Assignment
Go to the line containing "Рабочий элемент представляет" below; retype it and all following lines exactly, and leave out the pictures.

Data in this exercise
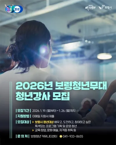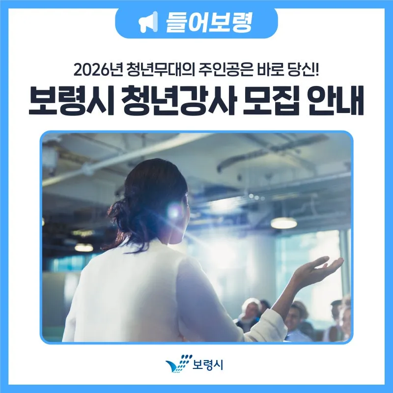 2026년 청년무대의 주인공은 바로 당신! 보령시 청년강사 모집 안내 ✨
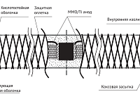 Рабочий элемент представляет собой проволоку, выполненную из титана, с нанесенным малорастворимым смешанным металлооксидным покрытием. Рабочий элемент электрически подсоединяется к токопроводу через контактный узел с постоянным шагом. Токопровод с рабочим элементом расположены в коксовой засыпке и покрыты кислотостойкой оболочкой и защитной оплеткой.
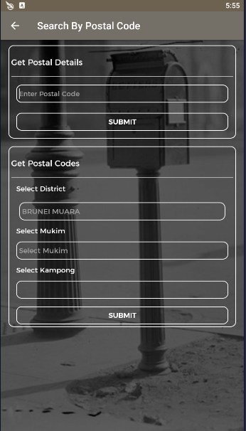 Applicazione dei servizi postali del Brunei per il monitoraggio di pacchi e invii postali e l'individuazione dei codici postali per aree selezionate
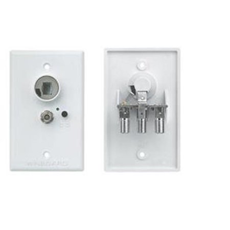 Steren Dual Rca Female With F Coaxial Cable Wall Plate White Audio
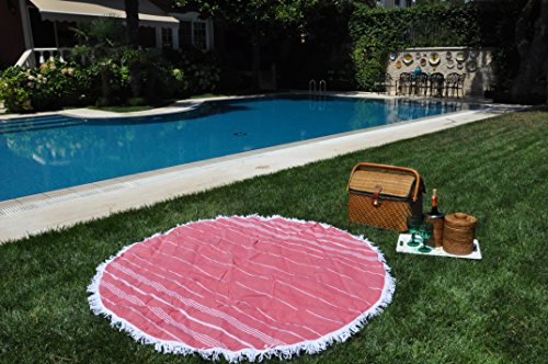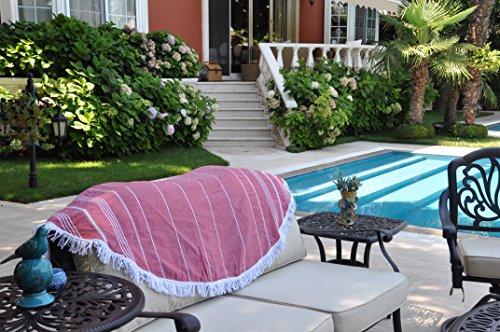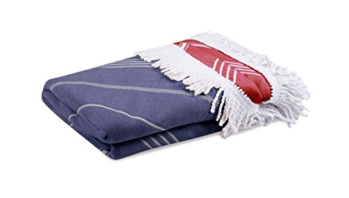 100% Natural Turkish Cotton Multi Purpose Double Sided Blanket - Beach / Pool / Yoga / Baby Play Mat / Table Cloth / Patio Furniture Throw with Tassels - 60" (Red / Navy Blue)
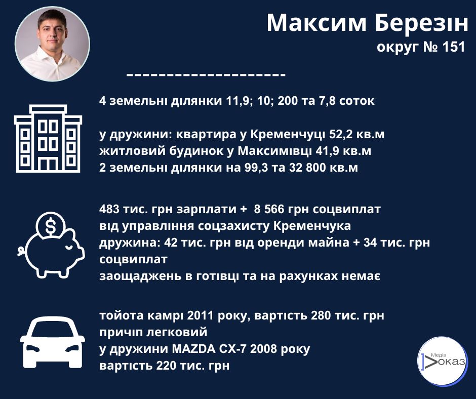 Посадовець задекларував майже 483 тисячі гривень зарплати впродовж року роботи в Управлінні справами Апарату Верховної Ради України, ще 42 тисячі гривень родина отримала завдяки тому, що Діна Березіна надала майно в оренду. Також варто зазначити, що у 2022 році подружжя Березіних отримало соціальні виплати від Управління соцзахисту населення Автозаводського району Кременчуцької міськради: мова йде про понад 43 тисячі гривень загалом.

Response below
 Рабочий элемент представляет собой проволоку, выполненную из титана, с нанесенным малорастворимым смешанным металлооксидным покрытием. Рабочий элемент электрически подсоединяется к токопроводу через контактный узел с постоянным шагом. Токопровод с рабочим элементом расположены в коксовой засыпке и покрыты кислотостойкой оболочкой и защитной оплеткой.
 Applicazione dei servizi postali del Brunei per il monitoraggio di pacchi e invii postali e l'individuazione dei codici postali per aree selezionate
 Steren Dual Rca Female With F Coaxial Cable Wall Plate White Audio
 100% Natural Turkish Cotton Multi Purpose Double Sided Blanket - Beach / Pool / Yoga / Baby Play Mat / Table Cloth / Patio Furniture Throw with Tassels - 60" (Red / Navy Blue)
 Посадовець задекларував майже 483 тисячі гривень зарплати впродовж року роботи в Управлінні справами Апарату Верховної Ради України, ще 42 тисячі гривень родина отримала завдяки тому, що Діна Березіна надала майно в оренду. Також варто зазначити, що у 2022 році подружжя Березіних отримало соціальні виплати від Управління соцзахисту населення Автозаводського району Кременчуцької міськради: мова йде про понад 43 тисячі гривень загалом.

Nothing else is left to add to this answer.